KITHIRAThe unique exhibition, The Antikythera Shipwreck: the Ship, the Treasures, the Mechanism, which is currently on show at the Archaeological Museum in Athens, will close on April 28 after a year-long run.
The exhibition, which opened on April 5 last year, is the first time that all the findings from the Antikythera wreck, dated between 60-50 BC, have been displayed together, while some of the items had never been displayed before.
The Antikythera Shipwreck has turned out to be an object of interdisciplinary research. Its finds date from the fourth to the first century B.C. Its cargo attests to the existence of trade in art, then new in the western world. The 378 exhibits are presented in carefully selected sections.
The bronze and marble statues, glassware, bronze vessels and the golden jewelry represent only a part of the cargo, whose remainder still lies at the bottom of the sea, possibly located at deeper levels.

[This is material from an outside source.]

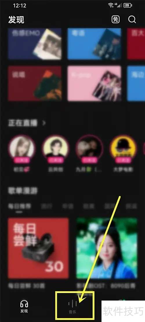 1、 打开汽水音乐首页,点击底部的音乐按钮即可。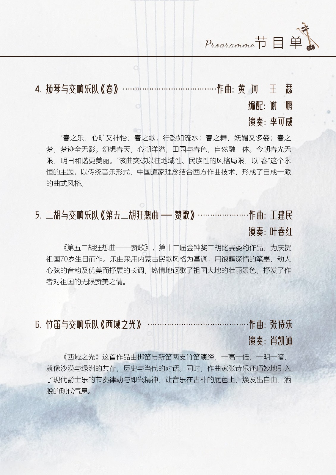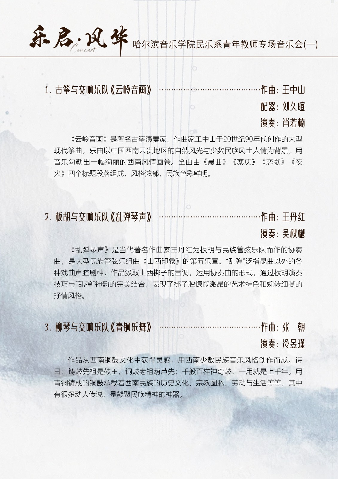 5月2日,哈尔滨音乐学院民乐系将携手学院中俄交响乐团,在哈尔滨音乐厅呈现一场高水准的青年教师专场音乐会,以乐赋能哈尔滨“五一”假日文旅。本场音乐会汇集多位曾获国家级奖项“文华奖”的民乐青年教师,演绎多部兼具艺术性、技巧性与时代气息的民乐佳作,展现传统民乐与现代交响的融合,呈现哈音民乐系的教学实力与舞台风采。

One-third of the exhibition has been dedicated to the mechanism, an exquisite, unique device of mathematical and astronomical genius, which has created worldwide interest. The Antikythera Mechanism itself was discovered on May 17, 1901, when archaeologist Valerios Stais noticed that a piece of rock recovered from the site had a gear wheel embedded in it. It was discovered in the Antikythera wreck off the Greek island of Antikythera, between Kythera and Crete, and has been dated to about 150-100 BC. Technological artifacts of similar complexity appeared a thousand years later.